Who is Google to? Google is no more neutral or accountable than SEO folk, and is just as much a profit-oriented business as they are.

Google makes the rules and the rest of us play by them. And surprisingly enough, Google encourages the behaviour it rewards. If Google's policies are pro-evil I'd rather that evil be done by competent, organized professionals (who will be able to turn it off when Google changes its policies to something better, and who create a somewhat level playing field, even if it's everyone paying rent to an SEO expert) than haphazardly by a bunch of amateurs.

1 comments

Feel free to build you own search engine! The more the merrier, especially if they can get up to the scale of Google. Monoculture is bad, especially when monoculture leads to diseases attacking the one strain that dominates.

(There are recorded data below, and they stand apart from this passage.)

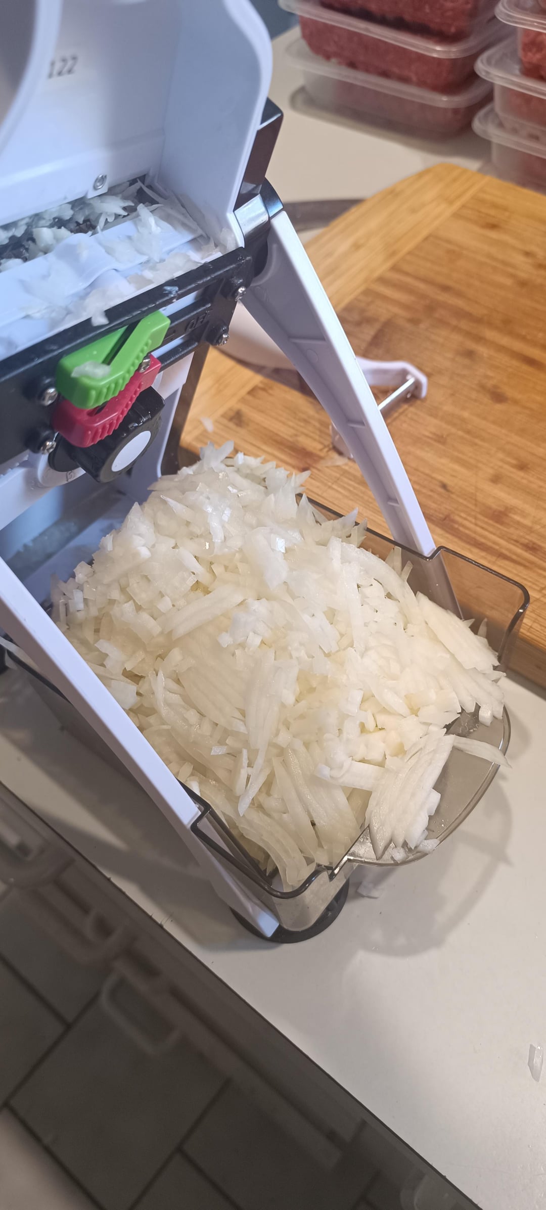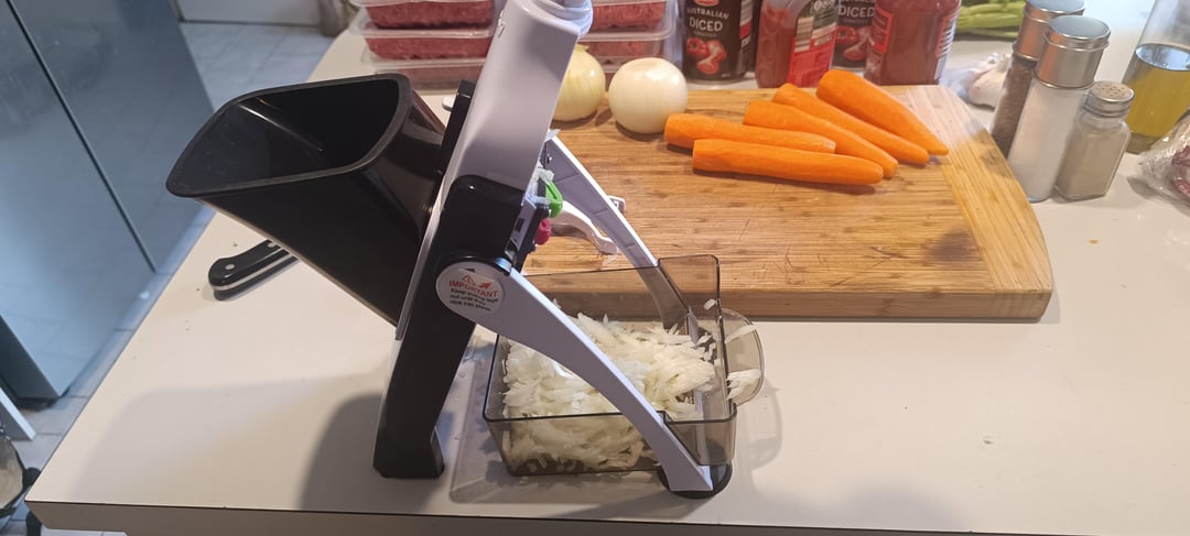 That chopping device is a disgrace. Take pride in your cooking and use a knife to chop your stuff.
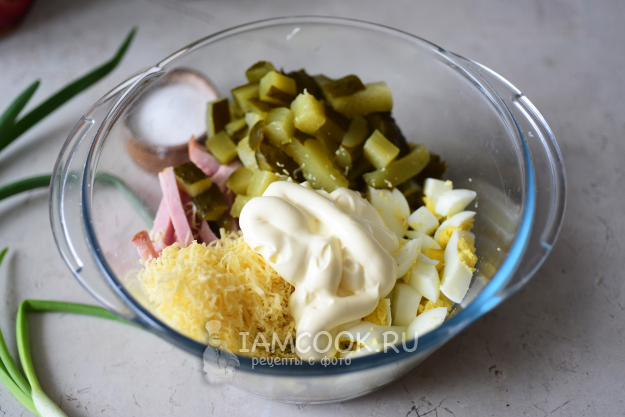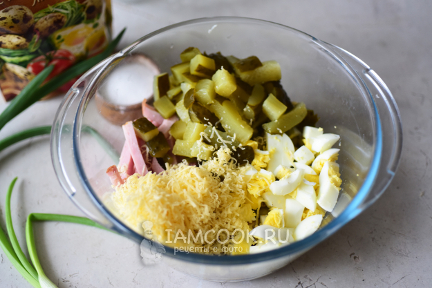 К этим ингредиентам добавим соленые огурчики, нашинкованные брусочками или кубиками, также добавим порезанные кубиками отваренные яйца и натертый на средней терке твердый сыр.
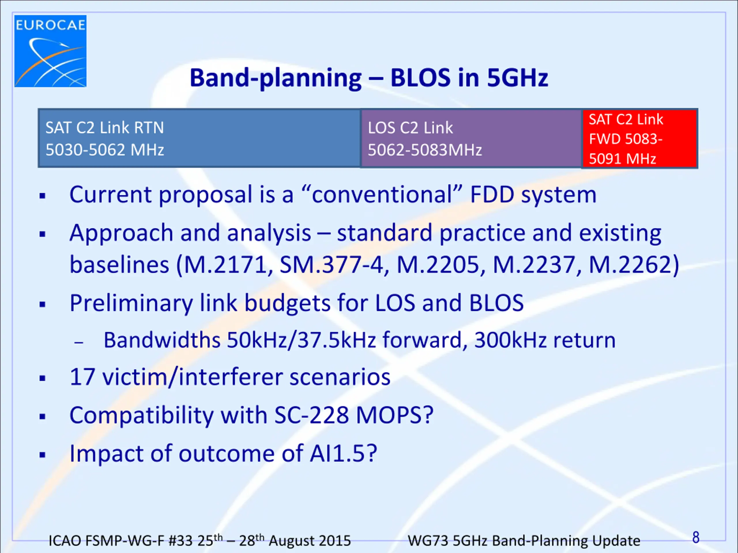 Band-planning BLOS in 5GHz SAT C2 Link FWD 5083- 5091 MHz SAT C2 Link RTN 5030-5062 MHz LOS C2 Link 5062-5083MHz Current proposal is a conventional FDD system Approach and analysis standard practice and existing baselines (M.2171, SM.377-4, M.2205, M.2237, M.2262) Preliminary link budgets for LOS and BLOS Bandwidths 50kHz/37.5kHz forward, 300kHz return 17 victim/interferer scenarios Compatibility with SC-228 MOPS? Impact of outcome of AI1.5? 8 ICAO FSMP-WG-F #33 25th 28thAugust 2015 WG73 5GHz Band-Planning Update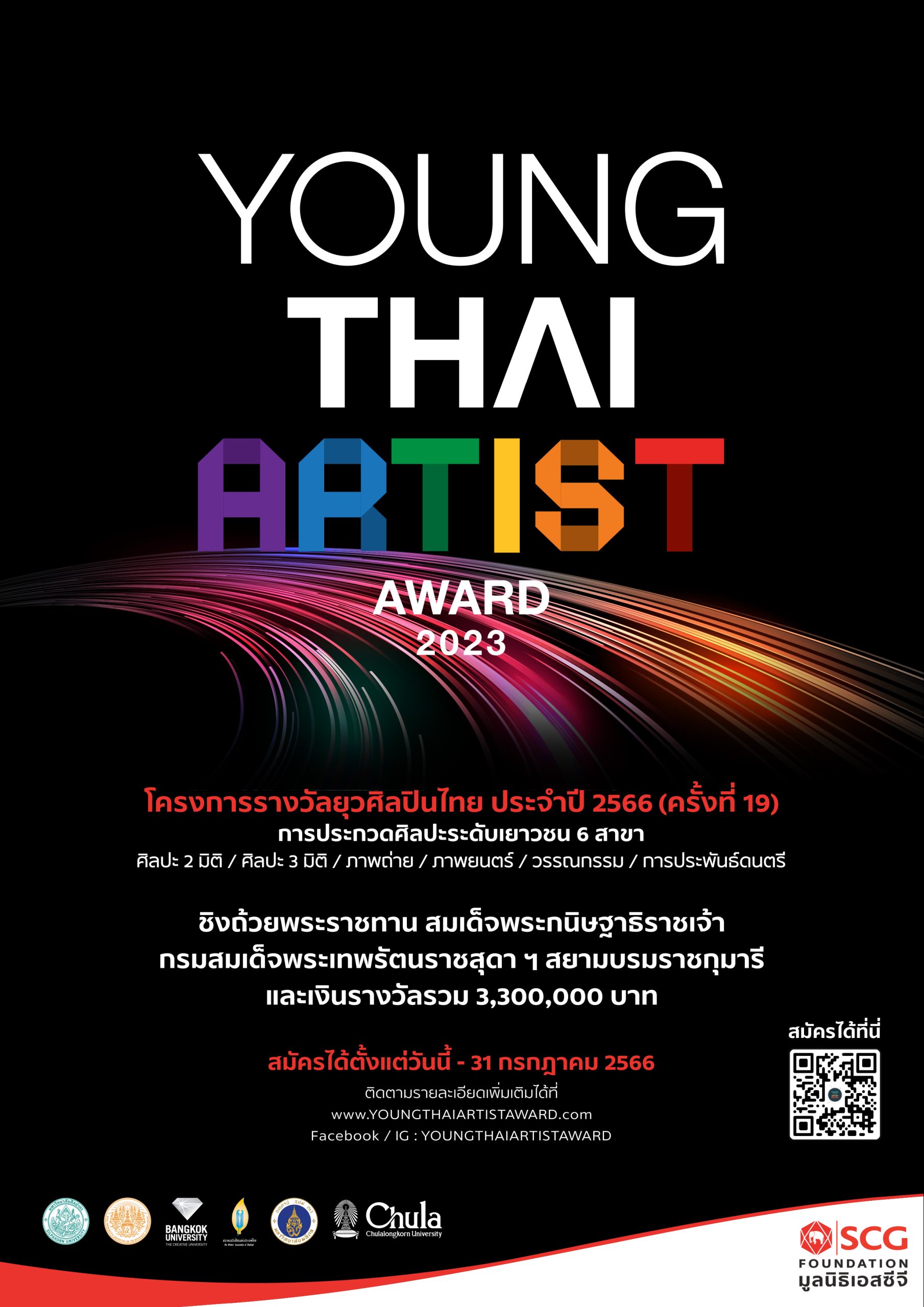 มูลนิธิเอสซีจี เปิดพื้นที่แห่งโอกาสให้เยาวชนที่มีใจรักการสร้างสรรค์งานศิลปะ ที่มีอายุระหว่าง 15-25 ปี ทั่วประเทศ ได้มีโอกาสประลองความคิดสร้างสรรค์ ประชันไอเดียศิลป์ เพื่อแจ้งเกิดเป็นยุวศิลปินเลือดใหม่ในวงการศิลปะ ด้วยการส่งผลงานเข้าประกวดในโครงการ “รางวัลยุวศิลปินไทย 2566” หรือ Young Thai Artist Award 2023 ชิงถ้วยพระราชทาน สมเด็จพระกนิษฐาธิราชเจ้า กรมสมเด็จพระเทพรัตนราชสุดาฯ สยามบรมราชกุมารี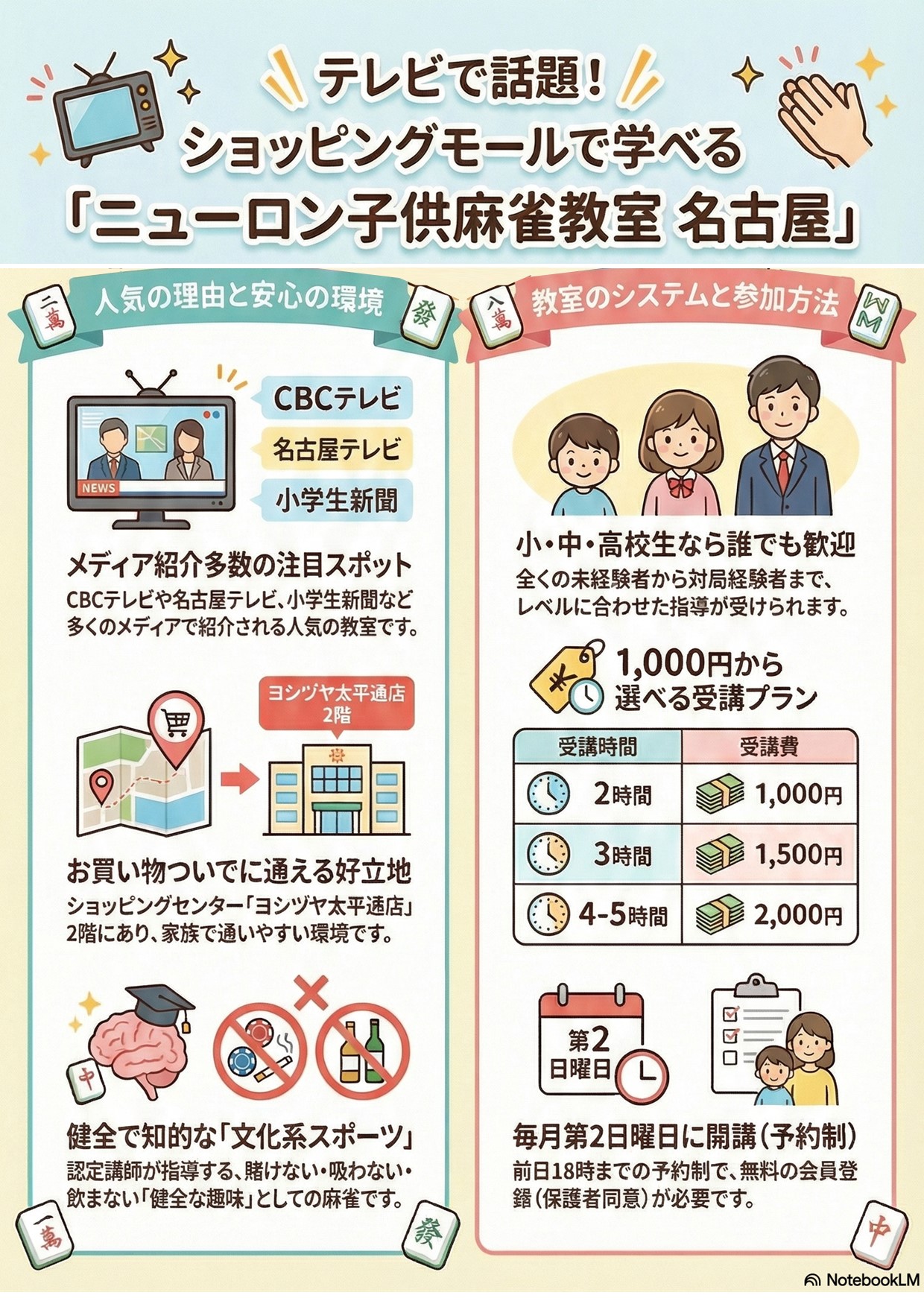 2階フロア「麻雀教室」の看板が目印

On the other hand we could of course try to (reaching here) argue that these SEO's improve google because they are forcing it to up its game but I think the web as a whole would be better off without all this crap.

Theory: when a new dominant search engine emerges ways will be found to game it to such an extent that the damage to the web offsets any gains from the increased ability to find content.

> we could of course try to (reaching here) argue that these SEO's improve google because they are forcing it to up its game but I think the web as a whole would be better off without all this crap.

The alternative is what, that the result you'd get for, I don't know, "home insurance" would be essentially random?

Google has some opinion on what properties the best result for that would have. Sites will naturally conform to the google policy (which is good when google promotes things that are good for the general web, like fast load times and accessible markup, and bad when google promotes things that are bad for the general web). The SEO industry just makes this process more efficient, meaning changes to what Google "wants" in results take effect faster. Even if Google's policies were effectively random (which I don't think they are), the worst-case result would be that businesses who paid attention to keeping their SEO up to date would appear higher in search results than businesses which didn't - which is at least some kind of barometer of a healthy business.